-- Task requirements --
Return only the lines below starting at the line containing "Тугыз ятимнең әнисенә" and ending at the line containing "Check camera alignment", both included, exactly as they are and with no pictures.

-- Provided records --
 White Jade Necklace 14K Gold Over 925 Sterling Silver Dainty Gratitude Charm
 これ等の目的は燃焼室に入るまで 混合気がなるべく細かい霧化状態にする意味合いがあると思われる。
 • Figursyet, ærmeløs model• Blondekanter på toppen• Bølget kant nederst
* * *
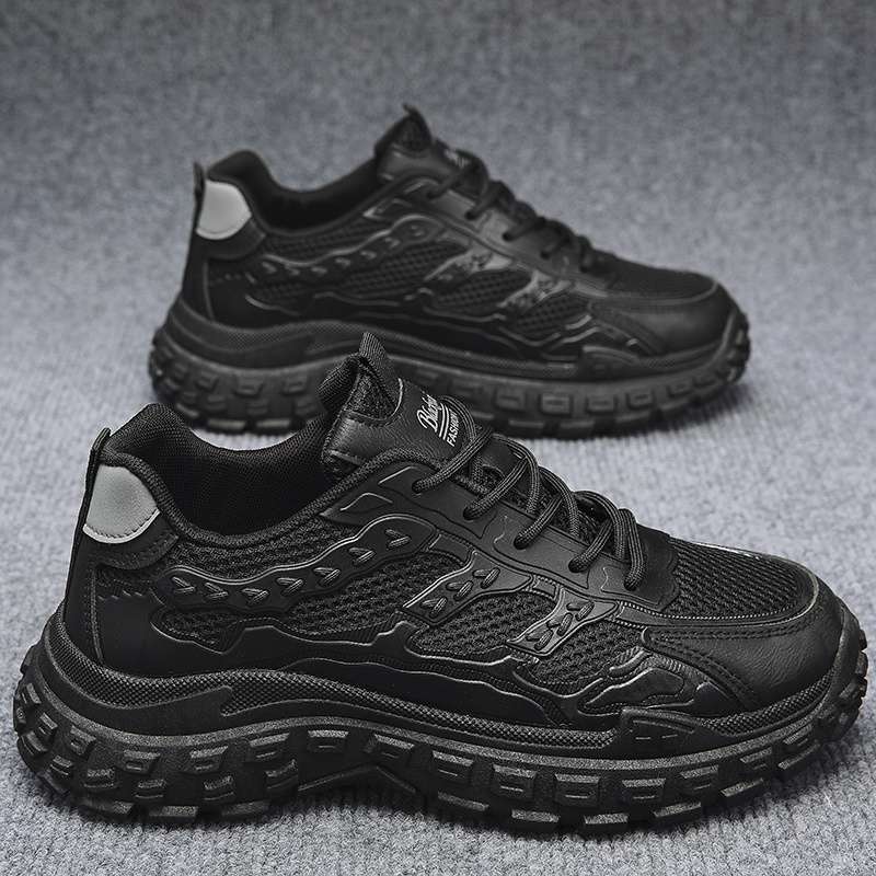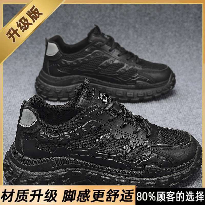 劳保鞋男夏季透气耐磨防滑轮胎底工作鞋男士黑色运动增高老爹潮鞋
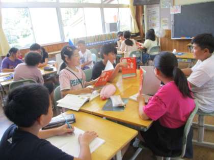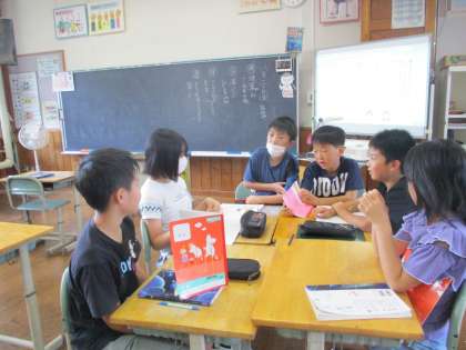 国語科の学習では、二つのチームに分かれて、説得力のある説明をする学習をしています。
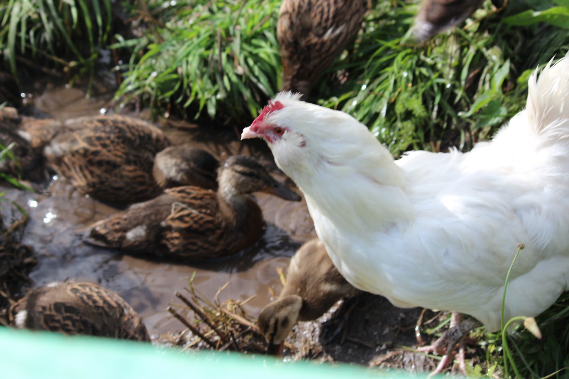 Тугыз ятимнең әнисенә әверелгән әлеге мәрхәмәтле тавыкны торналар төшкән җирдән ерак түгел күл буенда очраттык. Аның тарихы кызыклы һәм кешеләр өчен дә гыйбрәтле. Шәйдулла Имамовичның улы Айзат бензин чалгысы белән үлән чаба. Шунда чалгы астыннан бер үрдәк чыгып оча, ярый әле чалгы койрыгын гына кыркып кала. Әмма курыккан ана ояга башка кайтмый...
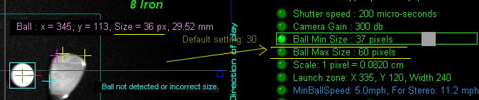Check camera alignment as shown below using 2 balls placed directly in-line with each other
...
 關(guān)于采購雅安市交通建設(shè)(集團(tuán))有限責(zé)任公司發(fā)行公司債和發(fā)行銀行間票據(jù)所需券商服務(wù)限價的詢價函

-- Task result --
 Тугыз ятимнең әнисенә әверелгән әлеге мәрхәмәтле тавыкны торналар төшкән җирдән ерак түгел күл буенда очраттык. Аның тарихы кызыклы һәм кешеләр өчен дә гыйбрәтле. Шәйдулла Имамовичның улы Айзат бензин чалгысы белән үлән чаба. Шунда чалгы астыннан бер үрдәк чыгып оча, ярый әле чалгы койрыгын гына кыркып кала. Әмма курыккан ана ояга башка кайтмый...
Check camera alignment as shown below using 2 balls placed directly in-line with each other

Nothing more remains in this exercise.